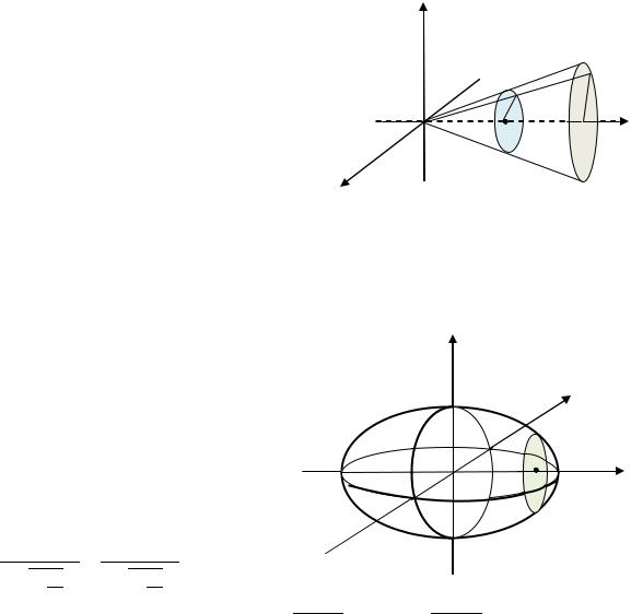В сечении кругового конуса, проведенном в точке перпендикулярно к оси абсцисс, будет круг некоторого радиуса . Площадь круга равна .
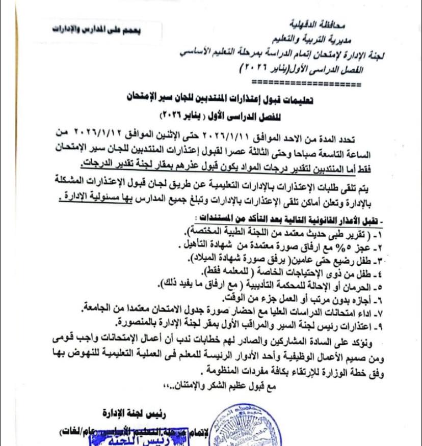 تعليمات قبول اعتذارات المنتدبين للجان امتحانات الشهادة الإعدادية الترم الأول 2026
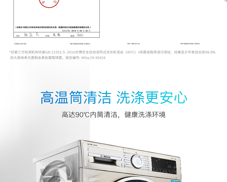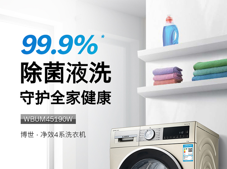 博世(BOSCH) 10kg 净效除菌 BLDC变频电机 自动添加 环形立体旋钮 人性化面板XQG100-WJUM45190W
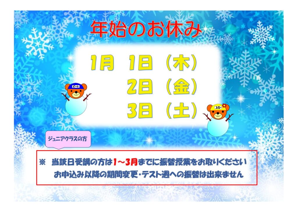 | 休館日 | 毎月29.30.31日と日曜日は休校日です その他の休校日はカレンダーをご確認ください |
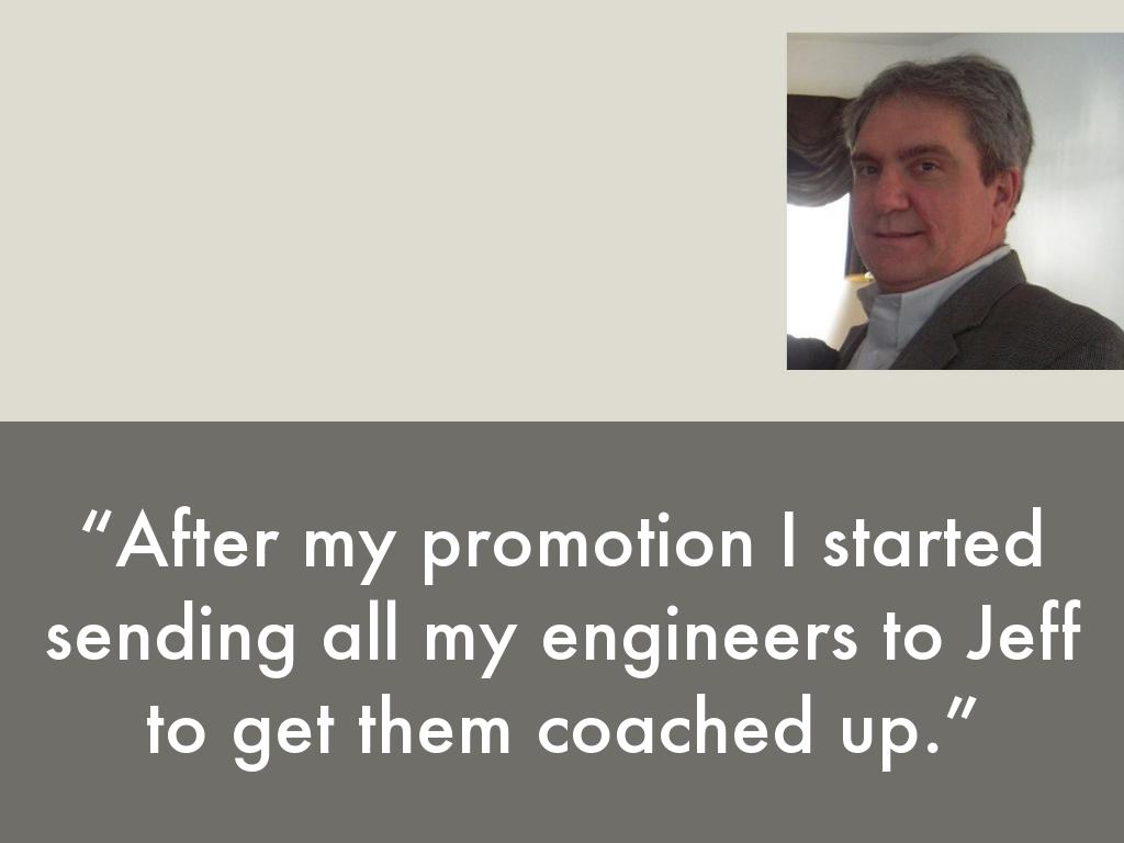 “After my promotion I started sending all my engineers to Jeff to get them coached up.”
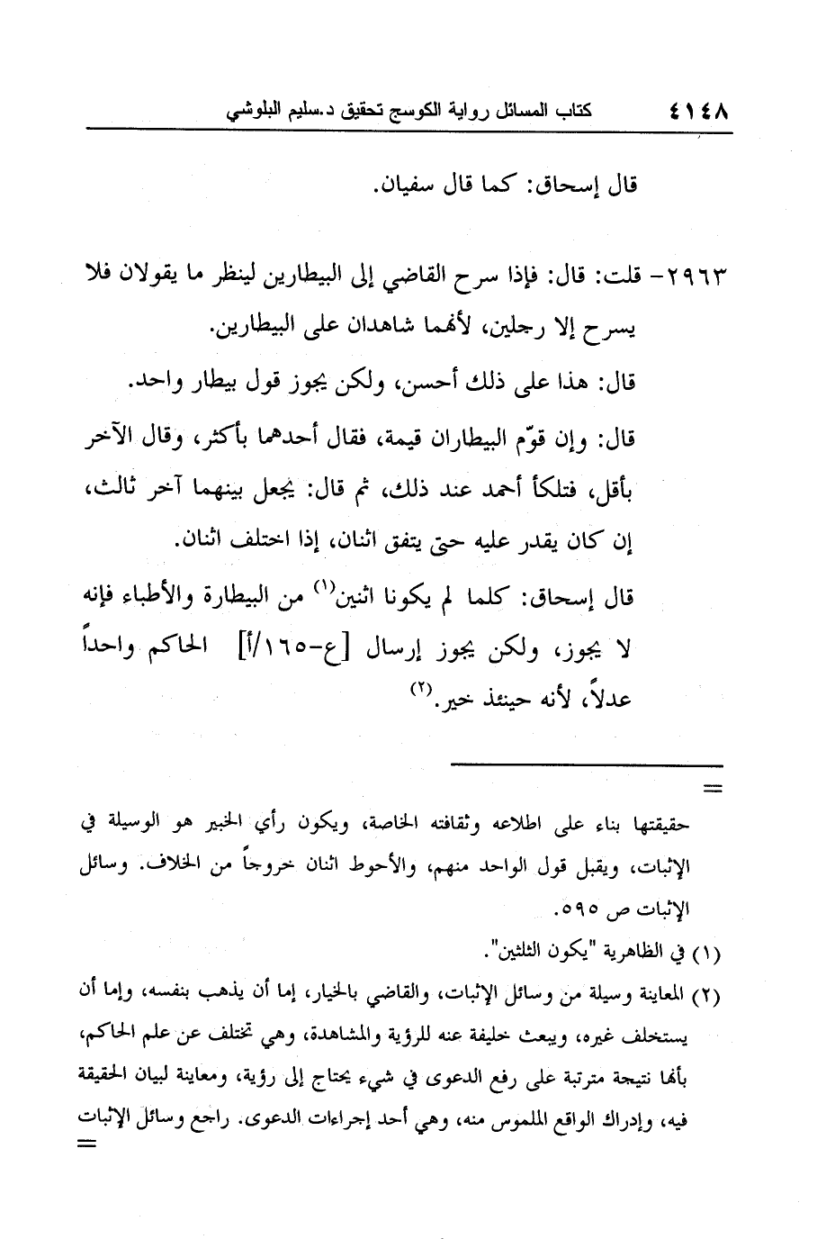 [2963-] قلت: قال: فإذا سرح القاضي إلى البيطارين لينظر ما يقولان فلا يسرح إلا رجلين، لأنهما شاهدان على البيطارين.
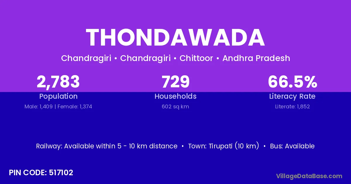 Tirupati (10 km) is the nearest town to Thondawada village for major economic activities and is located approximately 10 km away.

○ ○ ○ ○

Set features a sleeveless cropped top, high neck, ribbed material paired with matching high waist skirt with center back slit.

○ ○ ○ ○

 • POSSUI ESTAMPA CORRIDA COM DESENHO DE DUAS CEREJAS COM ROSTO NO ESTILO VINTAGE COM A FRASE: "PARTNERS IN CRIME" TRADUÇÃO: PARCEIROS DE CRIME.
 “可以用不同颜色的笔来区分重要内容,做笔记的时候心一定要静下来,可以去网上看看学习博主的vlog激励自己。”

○ ○ ○ ○

ABOUT THIS EXERCISE: Give back exactly the lines of the listing above from the one that contains "my promotion I" up to and including the one that contains "Tirupati (10 km)", but not the pictures, and no other lines.

EXERCISE RESULT:
 “After my promotion I started sending all my engineers to Jeff to get them coached up.”
 [2963-] قلت: قال: فإذا سرح القاضي إلى البيطارين لينظر ما يقولان فلا يسرح إلا رجلين، لأنهما شاهدان على البيطارين.
 Tirupati (10 km) is the nearest town to Thondawada village for major economic activities and is located approximately 10 km away.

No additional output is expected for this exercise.